------ Exercise inputs ------

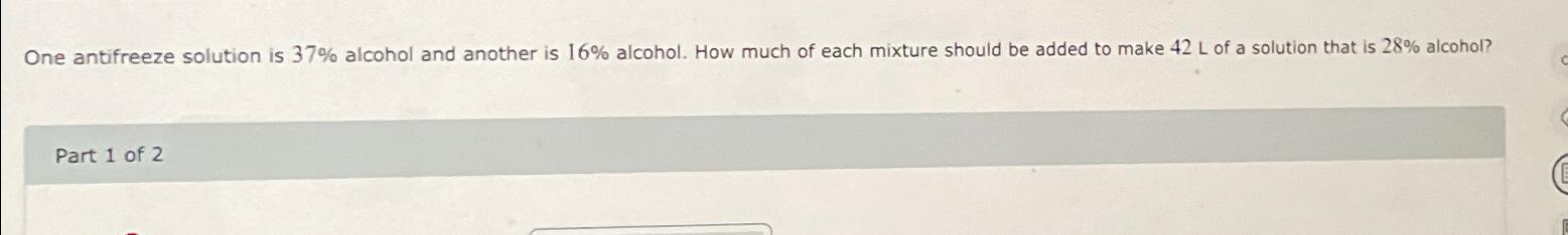 Solved One antifreeze solution is 37% alcohol and another Chegg com
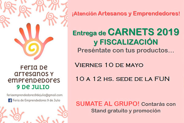 Este próximo viernes 14 de junio se llevará a cabo la fiscalización y entrega de Carnets 2019 para artesanos y emprendedores de la ciudad, de 9 a 12 hs. en la sede de la FUN de calle Robbio 322.
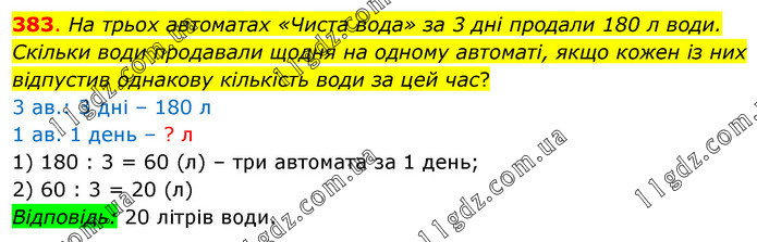 На трьох автоматах «Чиста вода» за 3 дні продали 180 л води. Скільки води продавали щодня на одному автоматі, якщо кожен із них відпустив однакову кількість води за цей час? 3 ав.: 3 дні – 180 л 1 ав. 1 день – ? л 1) 180 : 3 = 60 (л) – три автомата за 1 день; 2) 60 : 3 = 20 (л) Відповідь: 20 літрів води.
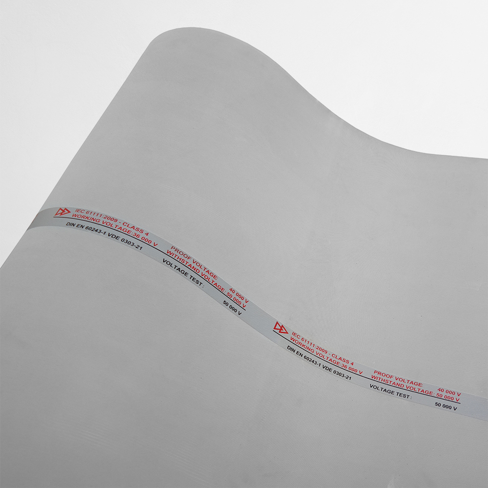 Comes with Test Certificate up to 50kV. High grade rubber compound grey electrical insulation safety matting, tested and stamped to IEC 61111 Class 4. Capable of withstanding voltage of 50kV, test voltage of 40kV and working voltage 36kV.
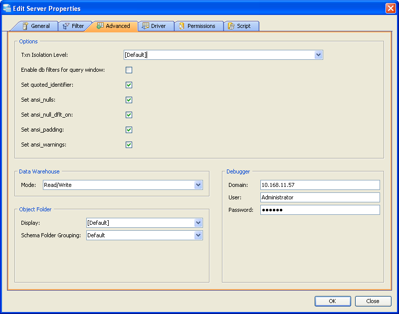 Edit the Permissions in Server Properties in Aqua Data Studio:
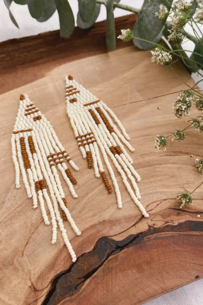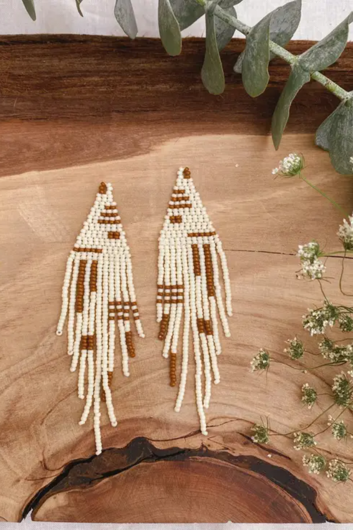 Handwoven with Japanese glass seed beads. Approximately 4 inches long. Comes on sterling silver ear wires unless asked otherwise. Slight variations may occur.
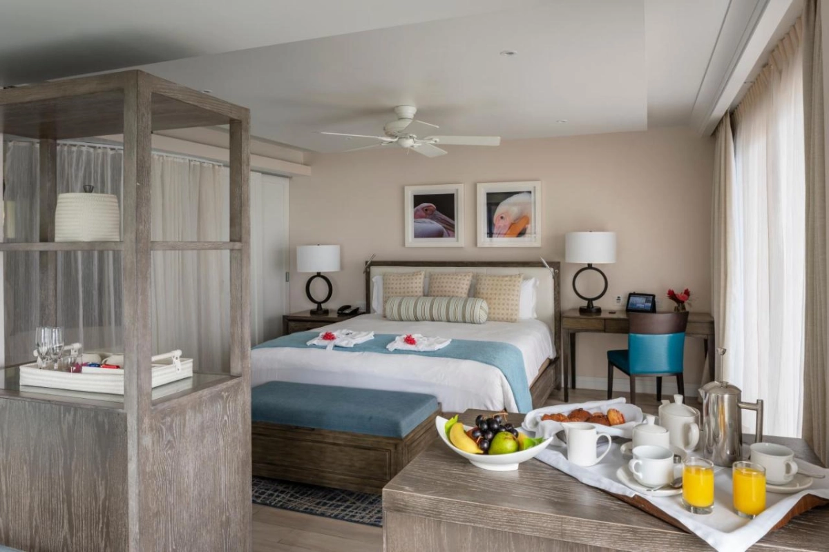 The 155 rooms and suites shimmer with soft island hues, featuring air-conditioned comfort, flat-screen TVs, minibars stocked with local juices, and private bathrooms scented with citrusy REN toiletries. Balconies or patios open to turquoise sea or hibiscus garden views, crafting a cozy haven for couples or solo travellers seeking renewal.

------

Look above for the line with "Comes with Test" and the line with "Edit the Permissions", then copy them and all lines in between exactly as written, and only those, without any pictures.

Response below
 Comes with Test Certificate up to 50kV. High grade rubber compound grey electrical insulation safety matting, tested and stamped to IEC 61111 Class 4. Capable of withstanding voltage of 50kV, test voltage of 40kV and working voltage 36kV.
 Edit the Permissions in Server Properties in Aqua Data Studio:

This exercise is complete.